[EXERCISE GOAL] Copy the listing as it is written, and leave each picture out.

(SOURCE MATERIAL)

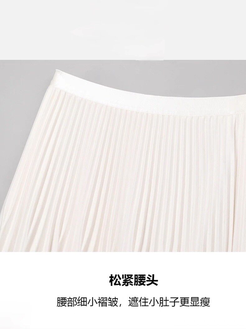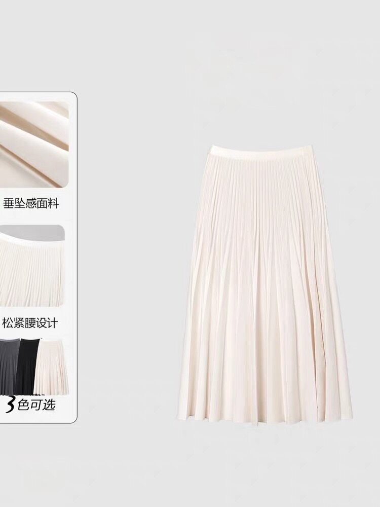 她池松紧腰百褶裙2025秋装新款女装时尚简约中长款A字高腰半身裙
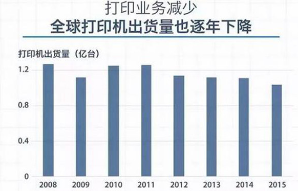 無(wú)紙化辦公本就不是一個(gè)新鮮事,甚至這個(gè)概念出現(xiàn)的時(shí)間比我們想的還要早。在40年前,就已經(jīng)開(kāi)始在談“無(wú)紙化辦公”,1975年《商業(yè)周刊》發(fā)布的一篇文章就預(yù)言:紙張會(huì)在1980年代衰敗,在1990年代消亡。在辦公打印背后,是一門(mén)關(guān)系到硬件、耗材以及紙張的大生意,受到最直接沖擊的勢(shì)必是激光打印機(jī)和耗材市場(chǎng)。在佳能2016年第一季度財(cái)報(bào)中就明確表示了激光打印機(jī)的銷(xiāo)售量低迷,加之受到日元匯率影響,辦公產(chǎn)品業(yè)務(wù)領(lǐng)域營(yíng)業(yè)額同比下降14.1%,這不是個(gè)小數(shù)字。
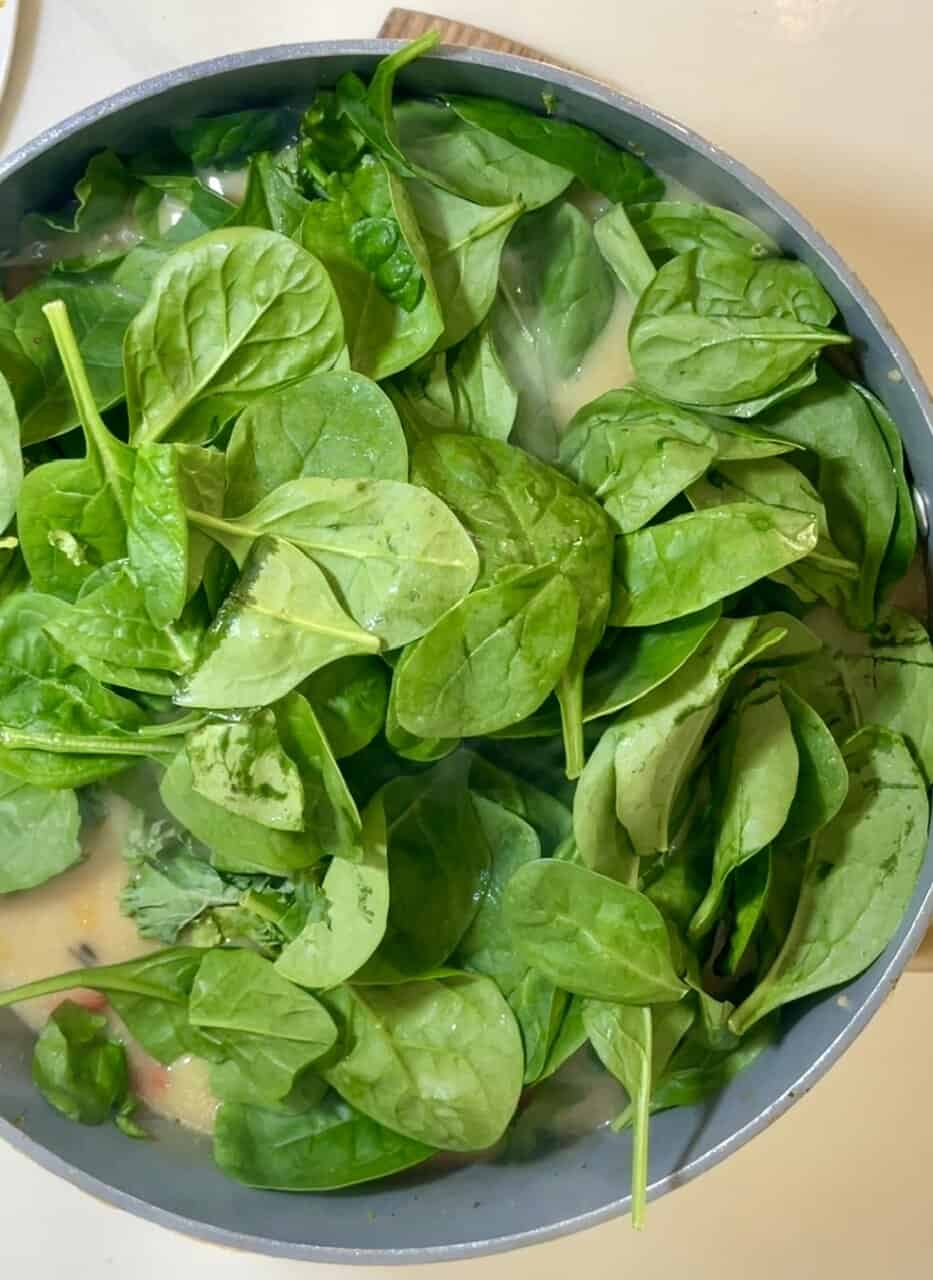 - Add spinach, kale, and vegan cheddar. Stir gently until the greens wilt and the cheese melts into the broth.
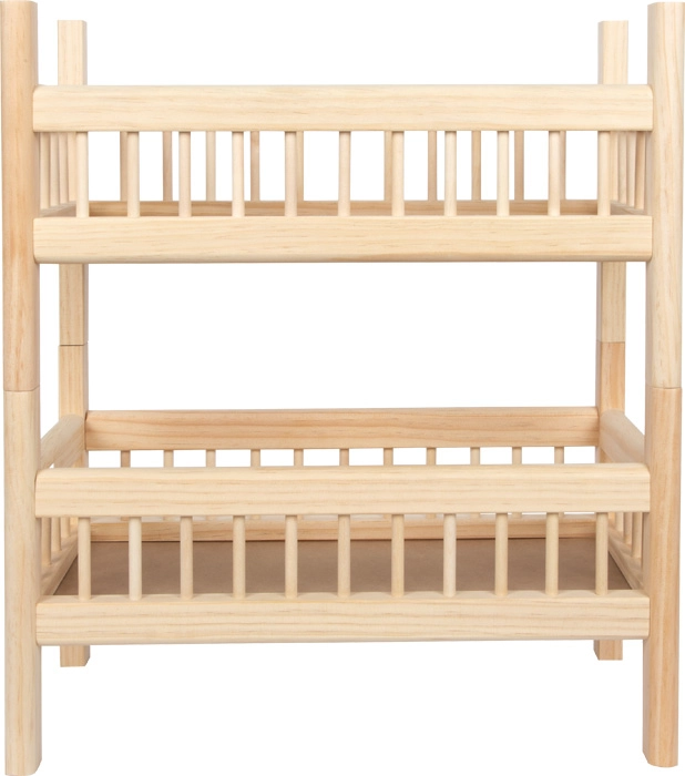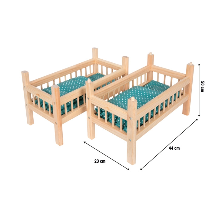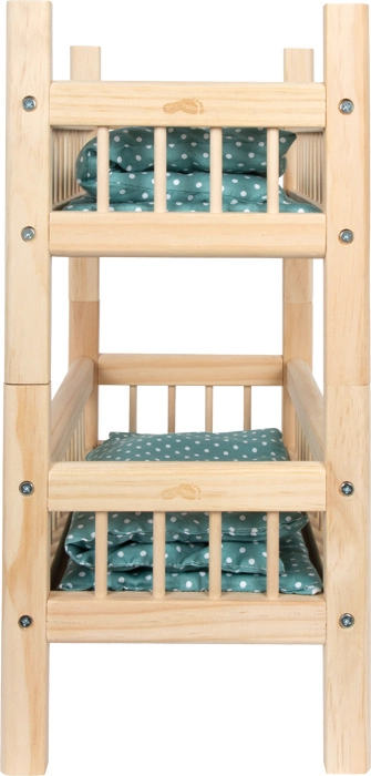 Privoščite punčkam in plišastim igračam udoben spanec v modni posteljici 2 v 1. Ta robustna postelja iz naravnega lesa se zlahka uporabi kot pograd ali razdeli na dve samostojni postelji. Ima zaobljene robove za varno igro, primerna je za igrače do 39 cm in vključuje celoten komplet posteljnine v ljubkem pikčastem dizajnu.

(End SOURCE MATERIAL)

[REPLY TO THE EXERCISE]
 她池松紧腰百褶裙2025秋装新款女装时尚简约中长款A字高腰半身裙
 無(wú)紙化辦公本就不是一個(gè)新鮮事,甚至這個(gè)概念出現(xiàn)的時(shí)間比我們想的還要早。在40年前,就已經(jīng)開(kāi)始在談“無(wú)紙化辦公”,1975年《商業(yè)周刊》發(fā)布的一篇文章就預(yù)言:紙張會(huì)在1980年代衰敗,在1990年代消亡。在辦公打印背后,是一門(mén)關(guān)系到硬件、耗材以及紙張的大生意,受到最直接沖擊的勢(shì)必是激光打印機(jī)和耗材市場(chǎng)。在佳能2016年第一季度財(cái)報(bào)中就明確表示了激光打印機(jī)的銷(xiāo)售量低迷,加之受到日元匯率影響,辦公產(chǎn)品業(yè)務(wù)領(lǐng)域營(yíng)業(yè)額同比下降14.1%,這不是個(gè)小數(shù)字。
 - Add spinach, kale, and vegan cheddar. Stir gently until the greens wilt and the cheese melts into the broth.
 Privoščite punčkam in plišastim igračam udoben spanec v modni posteljici 2 v 1. Ta robustna postelja iz naravnega lesa se zlahka uporabi kot pograd ali razdeli na dve samostojni postelji. Ima zaobljene robove za varno igro, primerna je za igrače do 39 cm in vključuje celoten komplet posteljnine v ljubkem pikčastem dizajnu.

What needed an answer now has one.